Building CineSync: Three Versions in Five Months

The fourth problem: keeping multiple people, on multiple devices, editing the same production data — without anyone losing work.

The week the backend started shipping, the first reasonable question came in from a director:

“Can I edit the shot list on my laptop while my AD is on her iPad?”

Of course. Obviously. That’s the entire point.

It took three versions of the sync engine to get there — not because the first two were wrong, but because sync is the kind of problem you can’t fully see from a whiteboard. We couldn’t pause feature work for six months to design the perfect system upfront; we needed to keep shipping so users could try things and tell us what worked. Each version was a semi-deliberate trade-off: build the simplest thing that’s good enough for the current scope, ship it, learn from how real usage stretches it, and redesign the next version with what you now know. The work spanned about five months and reshaped the architecture three times.

v1: GraphQL for data, WebSockets for “something changed”

The proof of concept used the foundation we already had.
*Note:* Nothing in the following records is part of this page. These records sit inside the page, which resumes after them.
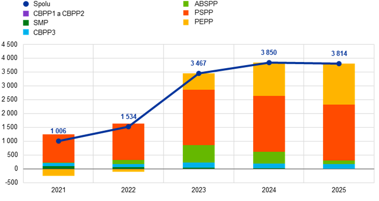 Až do roku 2022 súvaha ECB expandovala (graf 1), predovšetkým v dôsledku priameho nákupu cenných papierov v programe nákupu aktív (asset purchase programme – APP) a núdzovom pandemickom programe nákupu aktív (pandemic emergency purchase programme – PEPP) v rámci realizácie menovej politiky Eurosystému.[13] Nárast v roku 2022 bol miernejší v dôsledku ukončenia čistého nákupu cenných papierov v rámci programu PEPP od konca marca 2022 a v rámcu programu APP od 1. júla 2022. V roku 2023 a 2024 sa veľkosť súvahy zmenšila vzhľadom na postupnú redukciu objemu aktív nadobudnutých v rámci programu APP v dôsledku len čiastočného reinvestovania istiny zo splatených cenných papierov od marca do júna 2023 a úplného ukončenia týchto reinvestícií od júla 2023. K redukcii súvahy ECB v roku 2024 prispelo i postupné znižovanie objemu aktív programu PEPP v dôsledku len čiastočných reinvestícií istiny v druhej polovici roka. Tieto reinvestície boli ukončené na konci roka 2024.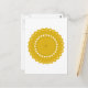 A printed design inspired by lace. An elegant mustard yellow circular graphic design, with patterned areas.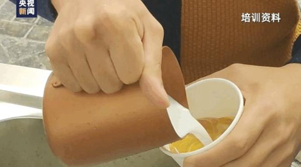 2021年11月起,哥哥天保开始跟着店里的培训师学做咖啡。由于无法直观看到杯子的大小和水量,有时候水加多了就会溢出杯子;做拉花图案,会对不准杯口,导致牛奶倒在了手上……

The backend exposed a GraphQL API and we used it for everything — fetching a project, hydrating the local state, sending changes back. A separate WebSocket connection ran alongside it, but only as a notification channel. When something changed on the server, the WebSocket fired a small message identifying what had changed — “this entity in this project was updated, fetch it.” The client then re-queried that specific slice via GraphQL and re-rendered.

This was the simplest thing that could possibly work, and it did work for the first scope: keeping one user’s data consistent across their own devices — laptop, tablet, phone. It let us validate the sync mechanism end-to-end before adding the harder problem of two different people editing simultaneously.

What we hit fairly quickly was that GraphQL wasn’t the right tool for the granularity we needed. Every “something changed” event meant re-fetching a meaningful slice of the project. Composing queries to only re-fetch the changed parts was always a wrestling match. As the data model grew — more entity types, more relationships, more per-project state — the resolver layer got harder to scale to the kind of granular, transaction-by-transaction sync we knew we wanted.

The notify-then-fetch pattern is also fundamentally a round-trip pattern. Even when the notification told the client exactly which entity had changed, the actual new state still had to come back over a second request. Every change cost you “notify, fetch, apply” — three steps where granular sync wants to be one.

v2: WebSockets all the way through

Version two was the architectural commitment. We migrated both directions — the client sending changes to the server and the server pushing changes back — entirely onto WebSockets. Transactions flow over the same persistent connection both ways. No more “notify, then fetch”: when something changes, the actual change is what comes across the wire.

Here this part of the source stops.